I’m tempted to point them to work on unstructured collaborative tagging of music, ie, folksonomies. There are lots of interesting opportunities there, some of which might still be there by the time the FP7 projects start.

If you have any ideas, let the EC know:
http://cordis.europa.eu/ist/kct/fp7-consultation.htm

UPDATE: Jeremy points out some interesting topics the EU should funding in the comments.

5 comments:

jeremy said...

I’m tempted to point them to work on unstructured collaborative tagging of music, ie, folksonomies. There are lots of interesting opportunities there, some of which might still be there by the time the FP7 projects start.

I still think that there is a large opportunity in music structure inference and matching. Pulling out the actual notes and rhythms and keys and chords from an audio track, and using that to infer mood, style, etc. (and even just matching raw notes and rhythms) is still a largely unsolved problem for MIR. It gets at a whole different dimension of the music than social tagging.

I think the EU should fund more research into that area

Elias said...

Jeremy,

Music segmentation is surely one of the most interesting research directions in MIR, but it's also been around for a while now. I'm not sure if there are many "ripe opportunities" in that direction? For some sub problems such as chroma-based segmentation (e.g. for chorus detection) working solutions have already been around for many years. Also solutions for related problems such as cover song detection have been around for a while now. Do you think we should be expecting a big break through in the next years?

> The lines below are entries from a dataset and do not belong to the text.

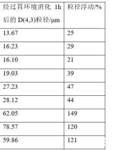 食品藥品通常需要將成分遞送到腸道中進行吸收利用,乳液是一種很好的營養成分遞送體系,通過制備成小液滴的水包油形式,可以極大提高液滴的比表面積,從而有利于后續油滴在腸道的吸收利用。然而由于胃中pH較低,且存在生物酶環境復雜、溫度高、胃蠕動等環境脅迫,乳液往往會失穩甚至破乳,會造成乳液粒徑增加、吸收利用效率低、營養物質暴露受損等,從而導致營養功能大打折扣。現有技術缺少在消化道中的觀察,從而無法制備有效的胃穩定乳液以遞送營養物質。專利CN202010448118.6用豌豆分離蛋白與菊粉在90℃條件下反應1-3h,使其發生美拉德反應,生成的結合物穩定乳液后以氯化鈣交聯制備乳液凝膠具備高胃環境下的穩定性,一方面用豌豆分離蛋白與菊粉結合的美拉德反應產物需要高溫條件下生成,另一方面高胃環境下的穩定性是通過氯化鈣交聯形成致密的凝膠網絡實現,而非乳液本身。目前為止,尚未有抗胃環境脅迫的高穩定乳液的制備的報道。
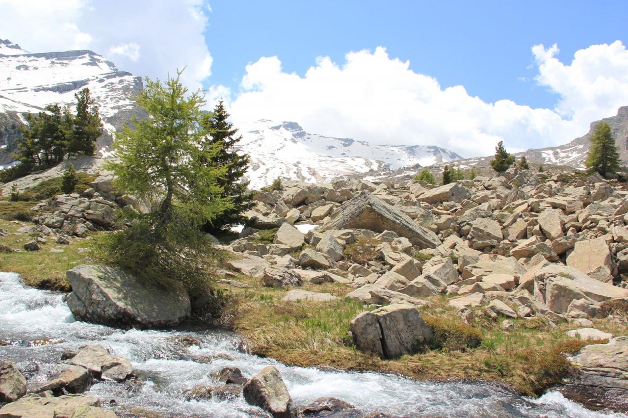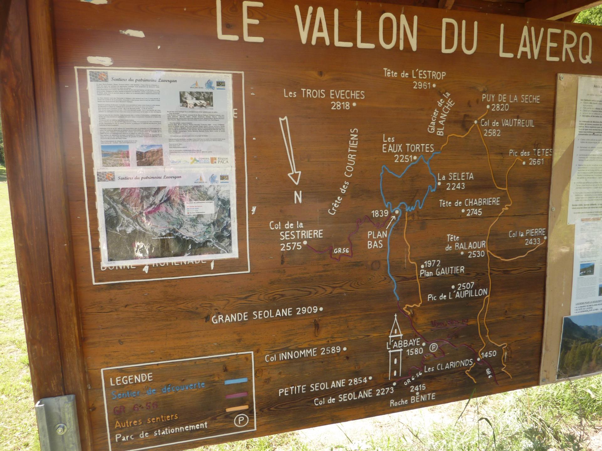 Une belle randonnée qui nous fait visiter la vallée magnifique de l'Ubaye, le Laverq puis monter jusqu'aux Eaux Tortes au pied du glacier de la Blanche. Départ depuis le deuxième parking de la piste qui emprunte le GR6 et démarre du Pont de Baud nous passons devant le refuge du Laverq avant d'arriver à l'Abbaye. Nous commençons véritablement la marche par la traversée du Vallon du Laverq en suivant le GR56 enchâssé sous les deux Séolanes . Nous y croiserons une bien jolie bergère à cheval qui gardait un important troupeau de moutons et de chèvres aidée par de magnifiques Borders Collies. Au cœur du vallon coule une rivière la Blanche de Laverq qui égaie de ses eaux limpides les alpages puis on grimpe vers Plan Bas et ses maisons forestières par un chemin en sous bois très frais et agréable et l'on atteint Plan bas et sa grande table de pique-nique pour une première pause bien méritée . Quelques centaines de hectomètres après on sort de la forêt pour atteindre le point de vue sur la cascade du Ravin de Lausas dont on franchira ensuite le cours difficilement car la traversée n'est pas encore aménagée . Un peu plus haut nous zigzaguons dans un extraordinaire chaos rocheux formé de blocs de grès. Enfin on débouche sur les Eaux Tortes (2251m), un ancien cirque glaciaire où le torrent forme de multiples méandres dans l'herbe (d'où le nom qui signifie Eaux Tordues). La montée bien que régulière mais éprouvante dans sa longueur a fatigué les organismes et le pique nique du midi près de l'eau est le bienvenu. Après une courte sieste on quitte les Eaux Tortes en traversant un ruisseau à gué pour passer en contrebas du glacier de la Blanche (le dernier des Alpes de Haute Provence) collé contre le flanc de la tête de l'Estrop (2961m). Enfin on redescend par une vallée un peu plus à l'ouest, le long d'un sentier escarpé en traversant une magnifique forêt de mélèzes et certains arbres couchés encombrent le sentier ce qui ajoute quelques difficultés supplémentaires. Au bout d'une descente éprouvante nous retrouvons le torrent au Plan Bas. Après avoir traversé le torrent par une jolie petite passerelle de bois nous empruntons le long chemin de retour à travers le vallon pour rejoindre l'Abbaye et un peu plus bas le parking et clôturer une bien belle rando, longue mais à ne pas manquer.
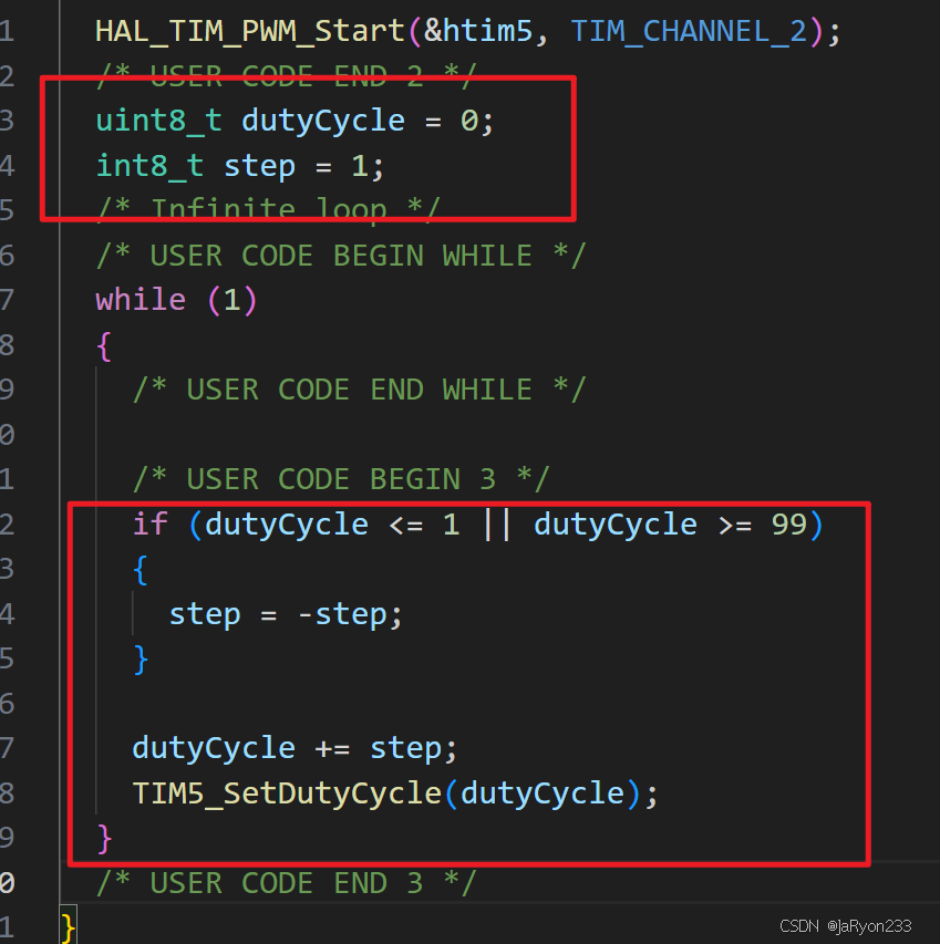 HAL_TIM_PWM_Start(&htim5, TIM_CHANNEL_2);/* USER CODE END 2 */uint8_t dutyCycle = 0;int8_t step = 1;/* Infinite loop *//* USER CODE BEGIN WHILE */while (1){/* USER CODE END WHILE *//* USER CODE BEGIN 3 */if (dutyCycle <= 1 || dutyCycle >= 99){step = -step;}dutyCycle += step;TIM5_SetDutyCycle(dutyCycle);}HAL_Delay(10);/* USER CODE END 3 */

Btw, I think that tags associated to music on a large scale could be used to aid research on music segmentation. (Even if each tags is associated with the whole piece of music and not individual segments.) For example, given 20k pieces frequently tagged "piano", and many more pieces which are frequently tagged with all sorts of tags but never with "piano": it would be conceivable to train an algorithm which can identify piano segments in a piece. (Maybe I should add that I'm thinking of Last.fm tags, where, for example, it often happens that a piece is tagged "piano" although there are only few segments in the piece where a piano can be heard.)

I'm curious what the FP7 will look like at the end. I wouldn't be surprised if part of it is about recommendations, personalization, social networks, mobile applications, and distributed computing. Although that probably wouldn't make too much sense as most of these are being tackled by industry already... and shouldn't academia have a long term perspective that is way beyond what industry is currently focusing on?

jeremy said...

I'm not sure if there are many "ripe opportunities" in that direction?

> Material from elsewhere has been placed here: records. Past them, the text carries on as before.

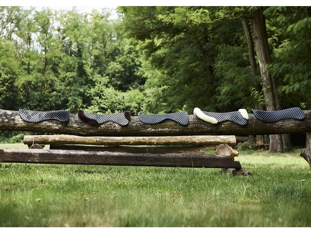 Unikalna i innowacyjna struktura tych amortyzujących podkładek składa się z licznych małych wypustek z bocznymi otworami, które umożliwiają intensywną, kontrolowaną poziomo cyrkulację powietrza. Oprócz tworzenia efektu panelu, który pochłania wstrząsy przy każdym ściśnięciu i zwolnieniu, wypustki tworzą przepływ odświeżającego powietrza, które utrzymuje grzbiet konia idealnie suchy. Funkcję tę wzmacniają duże, prostokątne wycięcia rozmieszczone na całej powierzchni podkładki.
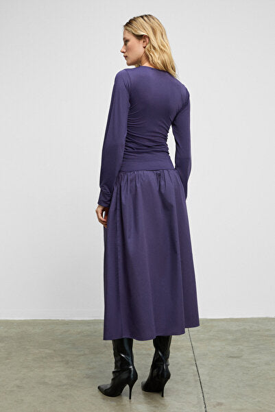 YOKEND Women's V-Neck Puff Detailed Flexible Fabric Skirt Poplin Purple Dress
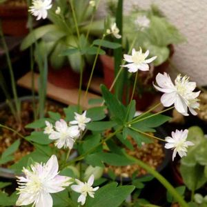 明日からの展示会の準備をして来ました。 二年前に種を採って撒いた深山オダマキは、淡い紫が出て何とも儚げでよい感じ。
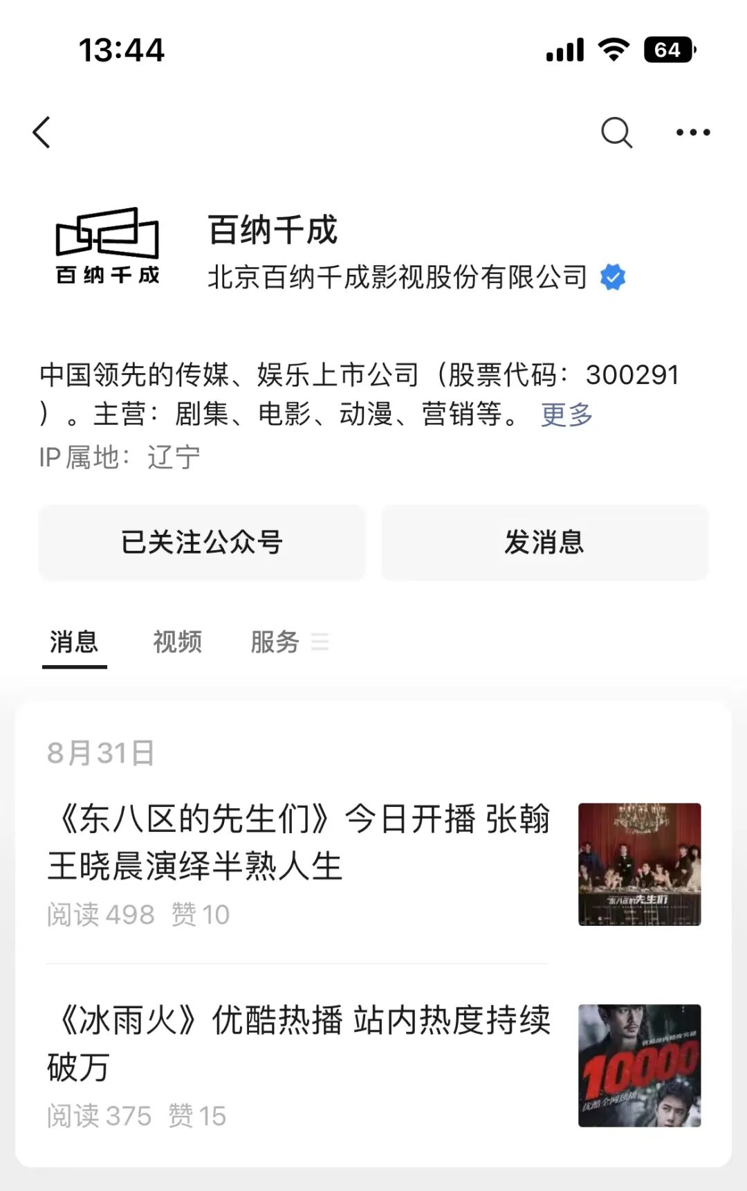 目前,百纳千成公众号最新推文还停留在8月31日《东八区》的开播信息上。
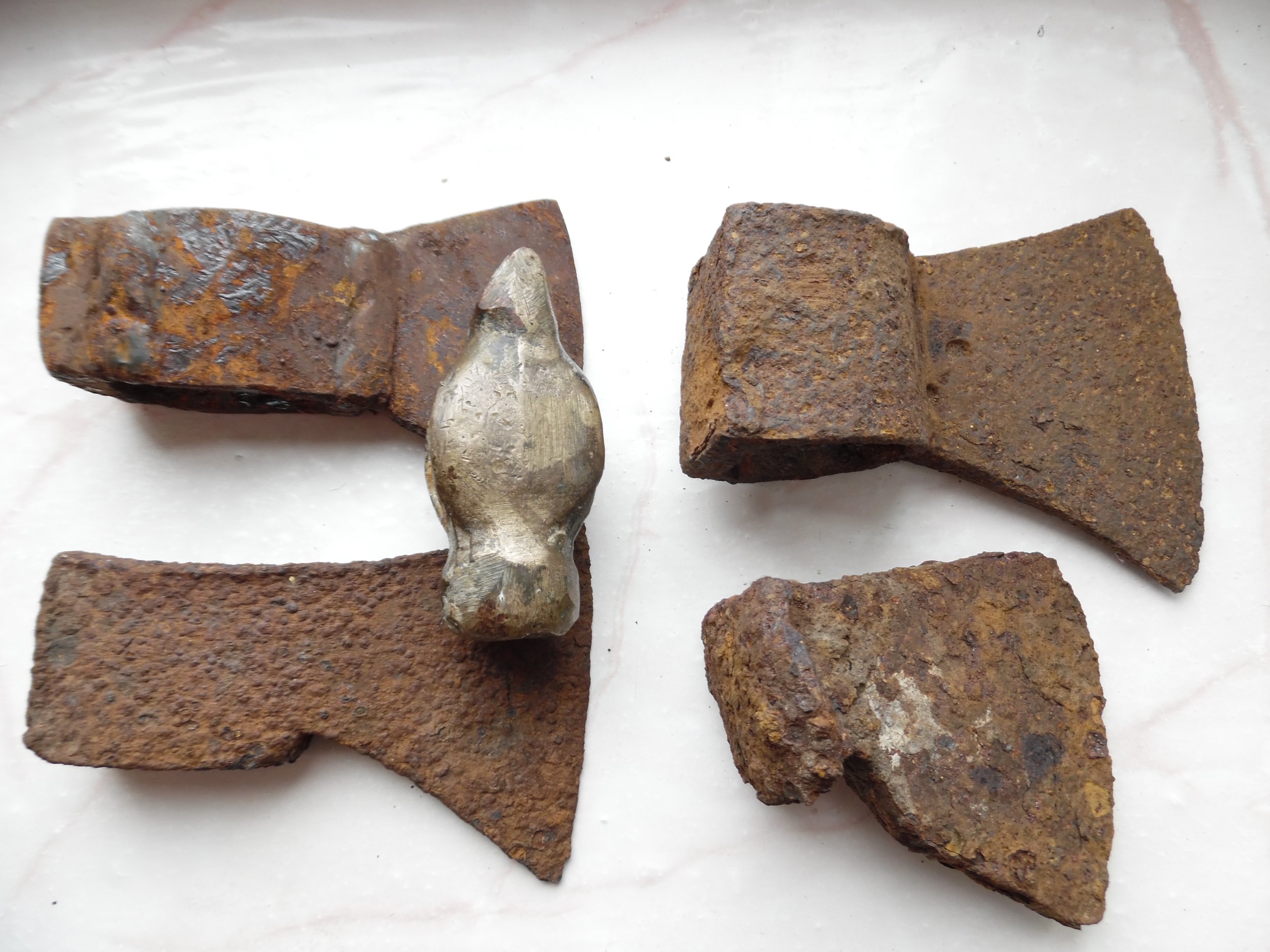 Первый и третий убитые работяги конца 19-го - начала 20-го века, второй немец, может и вермахт валочный топор, молоточек СССР для работы во взрывоопасной среде, латунь не даёт искры при ударе.

We're just barely getting to the point where we can extract semantically meaningful features from music, automatically. But no one is really applying it, at any decent scale, to the problem of recommendation and general similarity. Y'know, like Pandora does. That's the research I'd like to see. Pandora-like music similarity, but not with human music semantic tags.. with automatic music semantic tags.

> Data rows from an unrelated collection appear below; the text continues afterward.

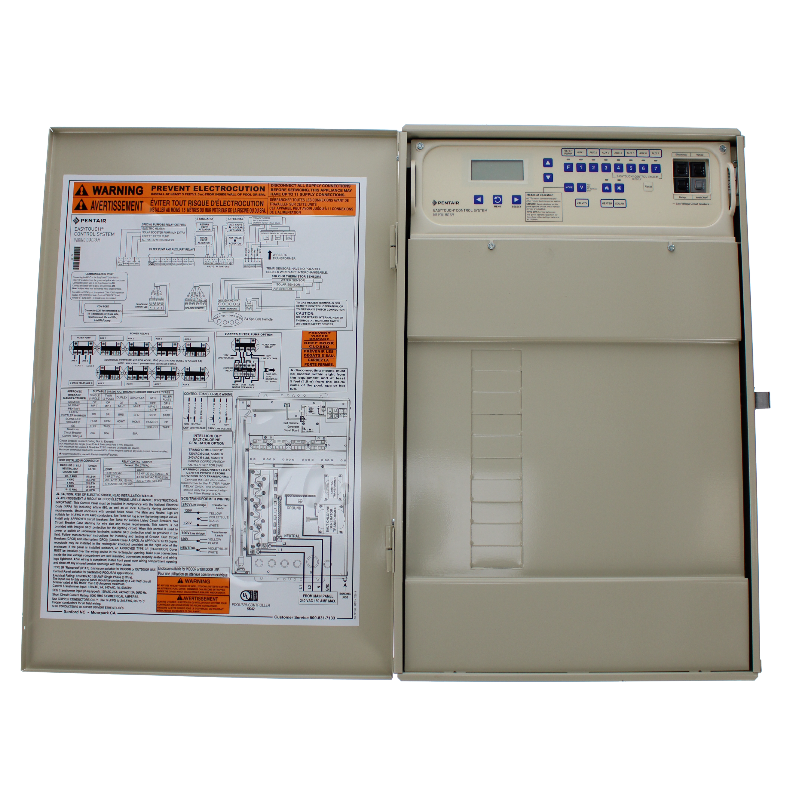 The EasyTouch load center consolidates relays, circuit breakers, and programmable control logic into one enclosure installed at the equipment pad. The intuitive LCD interface allows direct setup of schedules, heater set points, lighting control, and auxiliary features. With support for expansion through wireless remotes, spa-side controllers, and integration with Pentair variable speed pumps and salt chlorine generators, the EC-520540 provides scalable automation and dependable system control for residential pool and spa installations.
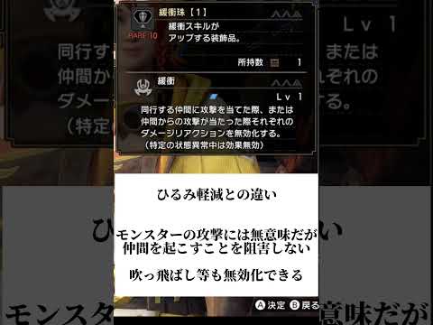 『モンスターハンターライズ』に登場する「緩衝」のスキル効果やスキルが発動する防具・装飾品などの攻略情報を解説しています。
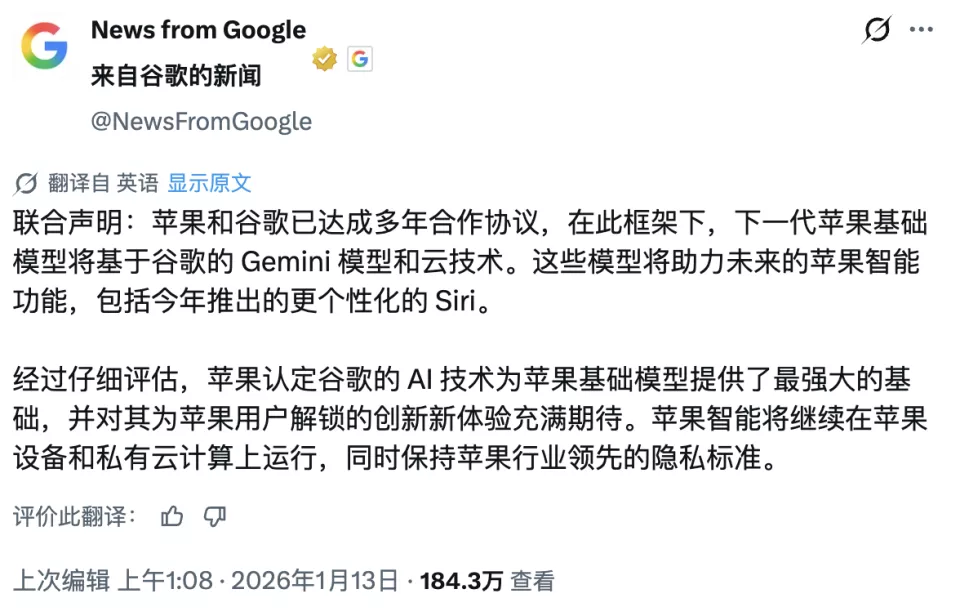 就在刚刚,苹果和 Google 发布联合声明,双方达成多年深度合作协议。下一代「苹果基础模型」将直接基于 Google 的 Gemini 模型和云技术构建。

Btw, I think that tags associated to music on a large scale could be used to aid research on music segmentation. (Even if each tags is associated with the whole piece of music and not individual segments.)

I'm thinking about something more along the lines of using automatically-processed musical knowledge about a song to aid recommendation. For example, suppose one person tags a song with the "son clave" rhythm. That same person tags another song with a "rumba clave" rhythm. Now, if enough people tag have both son clave and rumba clave pieces in their collection, you might start to recommend rumba clave rhythms to someone searching for songs with the son clave rhythm.

But with musical analysis of the audio, you would not need to have any social tags at all. You would just detect that a certain song had a rhythm. That rhythm happens to be son clave. And you would detect that another song has a rumba clave rhythm. And then you could do the recommendation, directly, based on the similarity of the rhythmic patterns.

In this way, you can get at many more attributes to the song than you will ever get through social tagging. With social tagging, there is a long tail of songs that only have a single tag. And many songs that are actually of the son clave rhythm will not be tagged as such. If you use musical analysis, you can label *every* song in your collection with its rhythm. Whether or not it has a tag. And then you can also have semantic similarity distances between tags, where the "waltz" rhythm would likely be very distant from the son clave, and the "rumba clave" rhythm would be very close.

Does that make sense?

jeremy said...

Also solutions for related problems such as cover song detection have been around for a while now.

FWIW, I think cover song detection solutions are trying to solve a different problem.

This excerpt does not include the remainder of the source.